__Raw data__
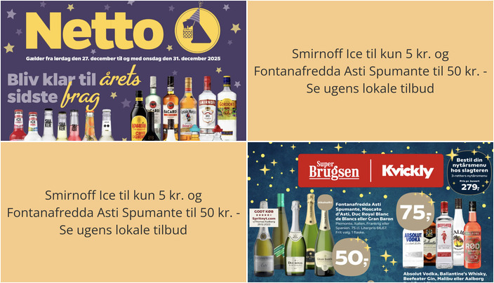 Netto tilbyder Smirnoff Ice, Shaker eller Mokai til en skarp pris på kun 5 kr. pr. 27,5 cl. Der er en begrænsning på 24 stk. pr. variant pr. kunde pr. dag. Tilbuddet gælder fra lørdag den 27. december til onsdag den 31. december.
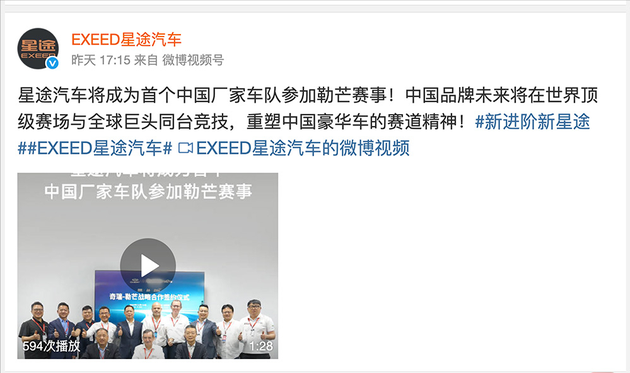 在星途官方社交媒体发布的预告片中,官方以“量产车技术研发的终极实验室”、“以赛道技术反哺量产车型”、“让世界看见中国制造的激情与实力”等表述,清晰展现出奇瑞集团进军WEC赛场的决心与野心。
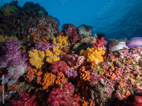 © Mayumi.K.Photography, Obraz premium Scorpionfish between corals in Mergui archipelago, Myanmar

__Exercise prompt__
Output nothing but the lines from the line with "在星途官方社交媒体发布的预告" through the last line of the material above, please, word for word and without the pictures.

__Expected answer__
 在星途官方社交媒体发布的预告片中,官方以“量产车技术研发的终极实验室”、“以赛道技术反哺量产车型”、“让世界看见中国制造的激情与实力”等表述,清晰展现出奇瑞集团进军WEC赛场的决心与野心。
 © Mayumi.K.Photography, Obraz premium Scorpionfish between corals in Mergui archipelago, Myanmar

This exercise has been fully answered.